#### EXERCISE DIRECTIONS
The line with "ZEBORA Probiotics for" marks the first line to copy, and the line with "3: Plate Empty Calories 31" marks the last. Transcribe that stretch of the data below exactly, without pictures.

#### MATERIAL TO PROCESS
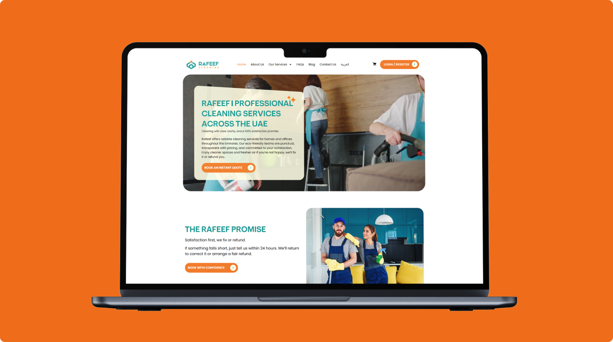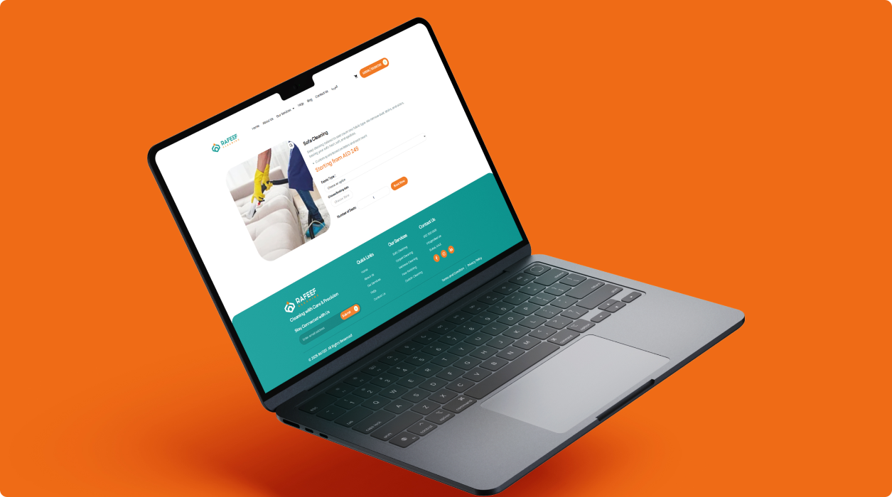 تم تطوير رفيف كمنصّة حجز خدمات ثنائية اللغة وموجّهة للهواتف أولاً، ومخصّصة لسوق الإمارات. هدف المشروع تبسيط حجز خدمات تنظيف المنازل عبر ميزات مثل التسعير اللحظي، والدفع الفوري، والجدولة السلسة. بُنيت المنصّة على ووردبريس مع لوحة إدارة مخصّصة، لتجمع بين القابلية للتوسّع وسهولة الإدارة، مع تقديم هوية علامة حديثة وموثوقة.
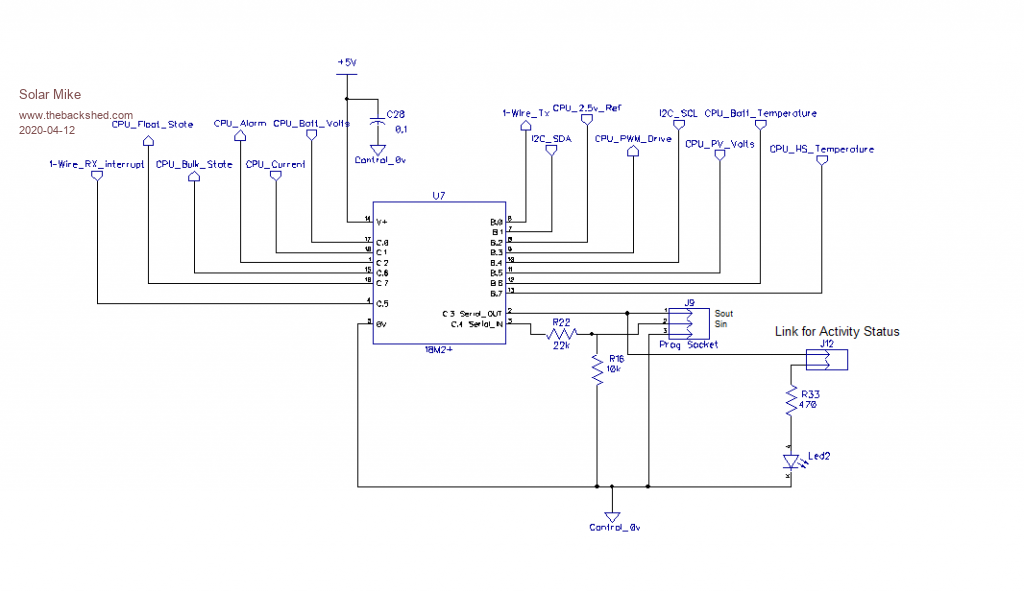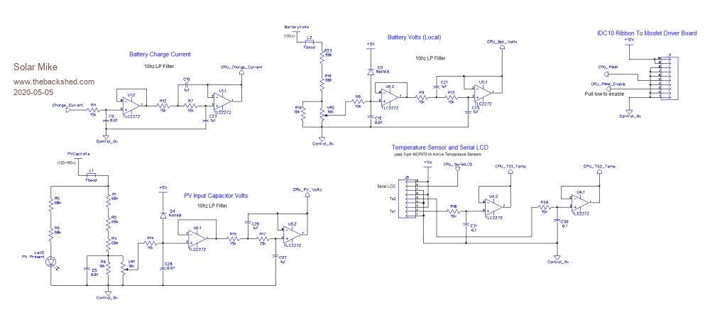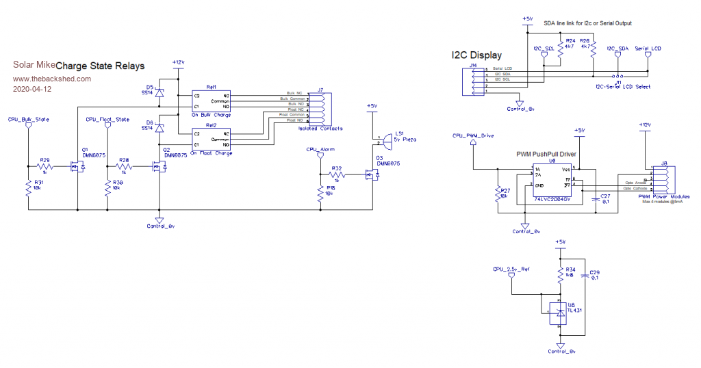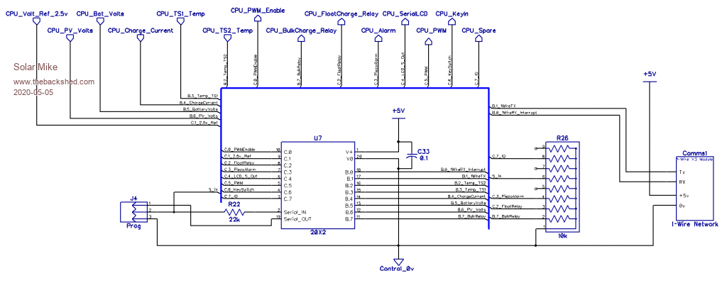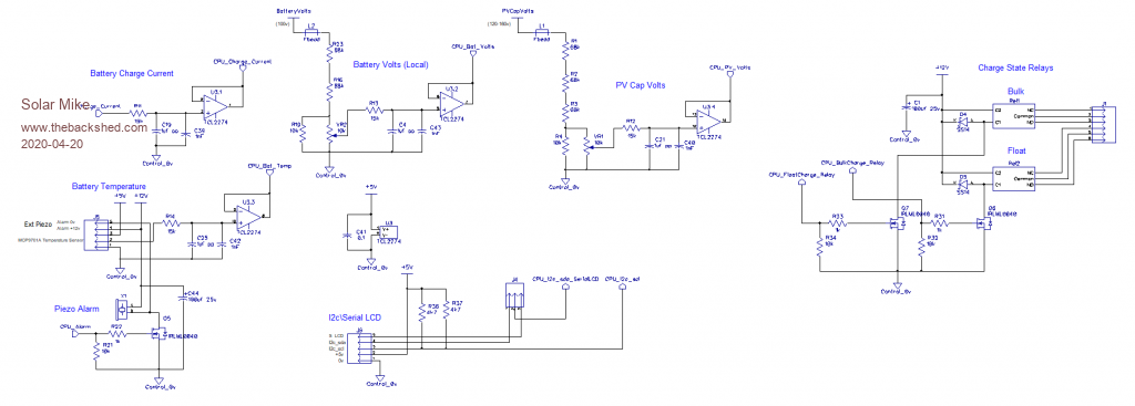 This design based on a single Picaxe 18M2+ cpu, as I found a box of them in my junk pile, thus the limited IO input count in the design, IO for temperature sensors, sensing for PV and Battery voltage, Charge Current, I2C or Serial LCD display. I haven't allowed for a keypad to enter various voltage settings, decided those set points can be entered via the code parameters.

--

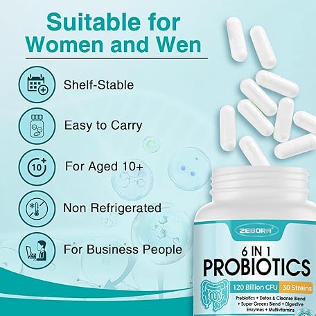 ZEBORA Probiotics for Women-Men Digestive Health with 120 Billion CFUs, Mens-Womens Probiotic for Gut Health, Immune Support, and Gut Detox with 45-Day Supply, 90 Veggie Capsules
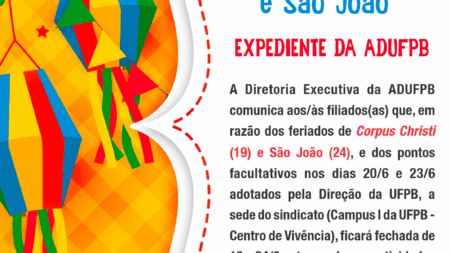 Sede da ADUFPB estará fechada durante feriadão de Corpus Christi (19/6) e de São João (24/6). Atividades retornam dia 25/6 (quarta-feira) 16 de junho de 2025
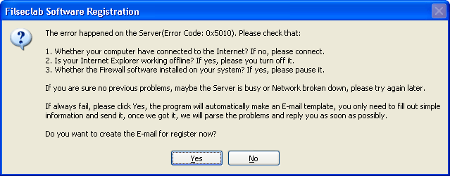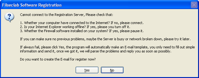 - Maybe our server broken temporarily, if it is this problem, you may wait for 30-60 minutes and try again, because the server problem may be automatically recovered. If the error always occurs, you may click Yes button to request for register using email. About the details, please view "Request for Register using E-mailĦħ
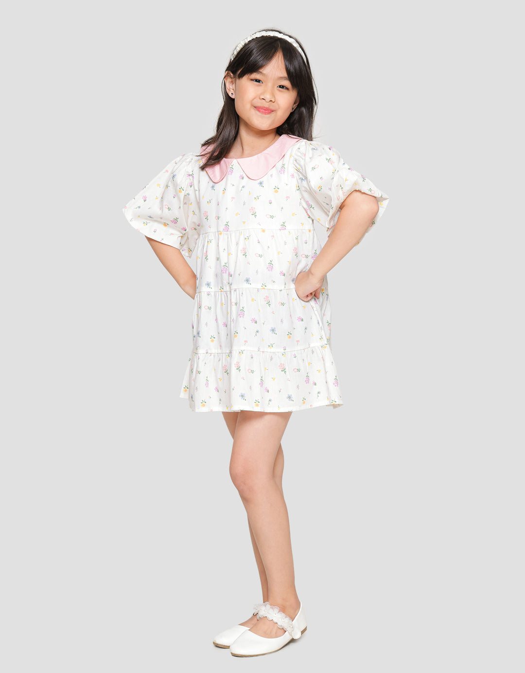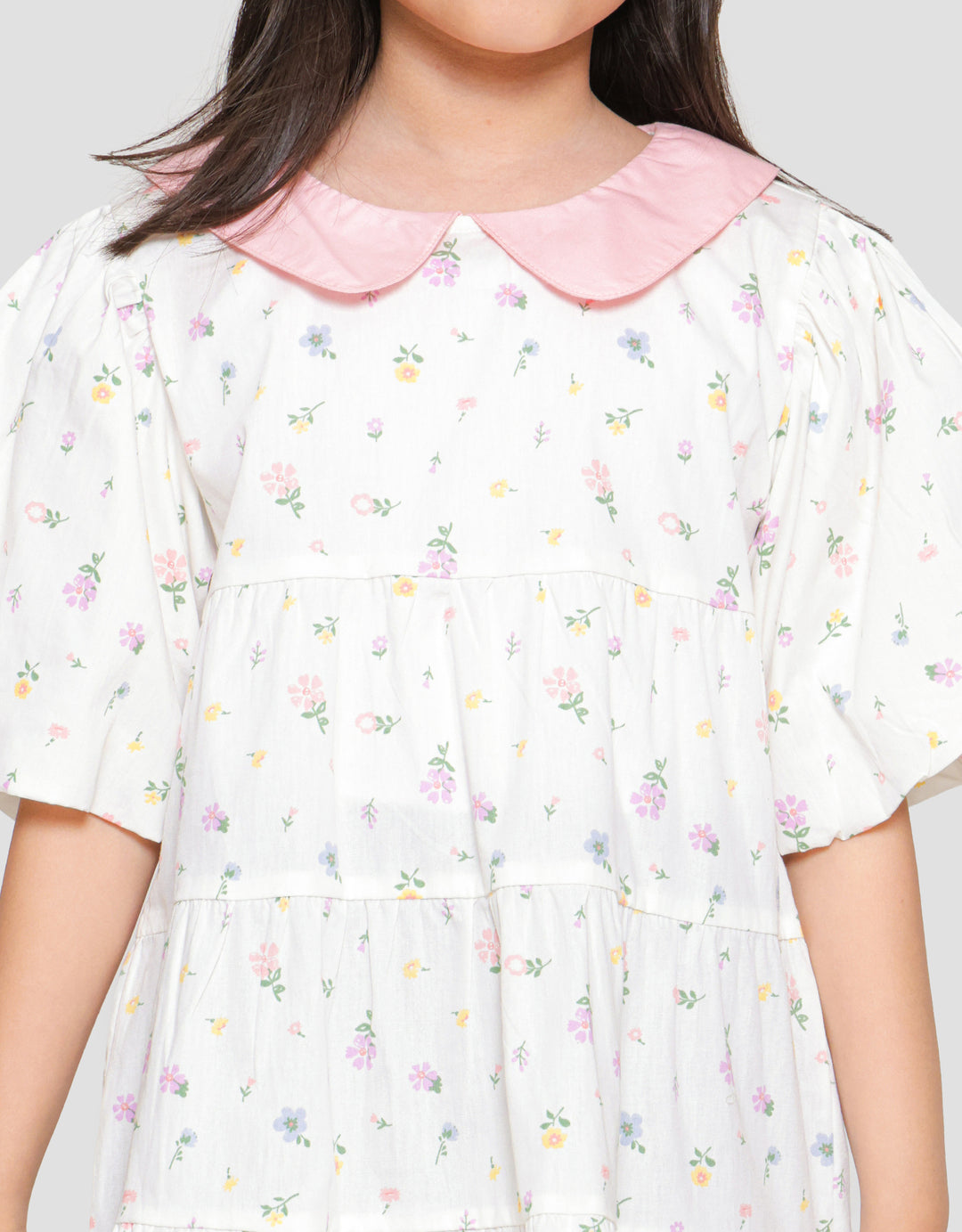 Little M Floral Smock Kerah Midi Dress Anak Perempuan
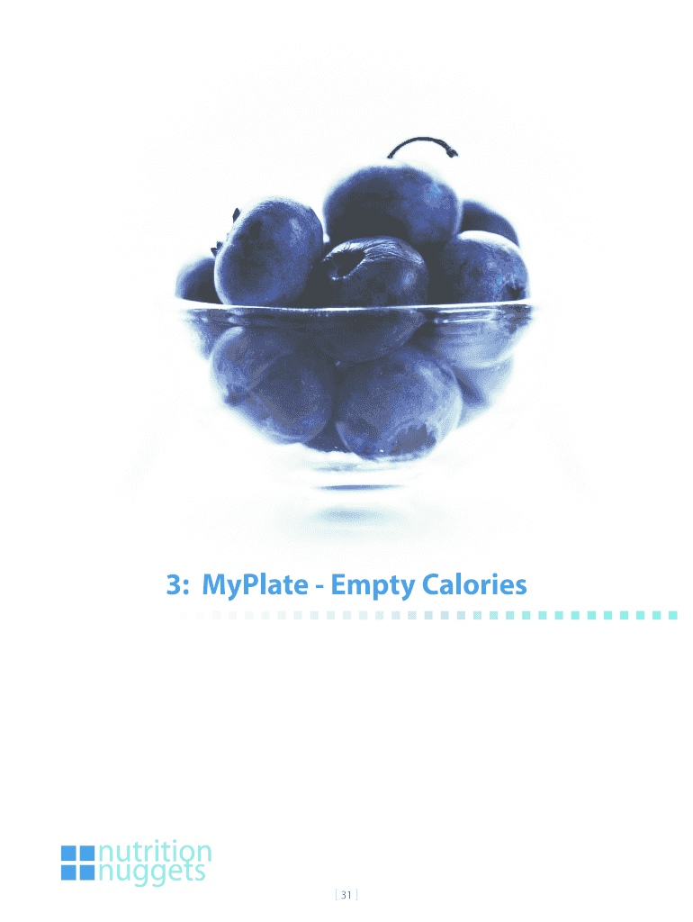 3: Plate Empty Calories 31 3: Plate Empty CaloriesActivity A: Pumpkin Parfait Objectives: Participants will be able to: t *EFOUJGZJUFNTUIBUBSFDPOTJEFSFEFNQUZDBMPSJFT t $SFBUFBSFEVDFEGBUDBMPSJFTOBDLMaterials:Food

#### ANSWER BOX
 ZEBORA Probiotics for Women-Men Digestive Health with 120 Billion CFUs, Mens-Womens Probiotic for Gut Health, Immune Support, and Gut Detox with 45-Day Supply, 90 Veggie Capsules
 Sede da ADUFPB estará fechada durante feriadão de Corpus Christi (19/6) e de São João (24/6). Atividades retornam dia 25/6 (quarta-feira) 16 de junho de 2025
 - Maybe our server broken temporarily, if it is this problem, you may wait for 30-60 minutes and try again, because the server problem may be automatically recovered. If the error always occurs, you may click Yes button to request for register using email. About the details, please view "Request for Register using E-mailĦħ
 Little M Floral Smock Kerah Midi Dress Anak Perempuan
 3: Plate Empty Calories 31 3: Plate Empty CaloriesActivity A: Pumpkin Parfait Objectives: Participants will be able to: t *EFOUJGZJUFNTUIBUBSFDPOTJEFSFEFNQUZDBMPSJFT t $SFBUFBSFEVDFEGBUDBMPSJFTOBDLMaterials:Food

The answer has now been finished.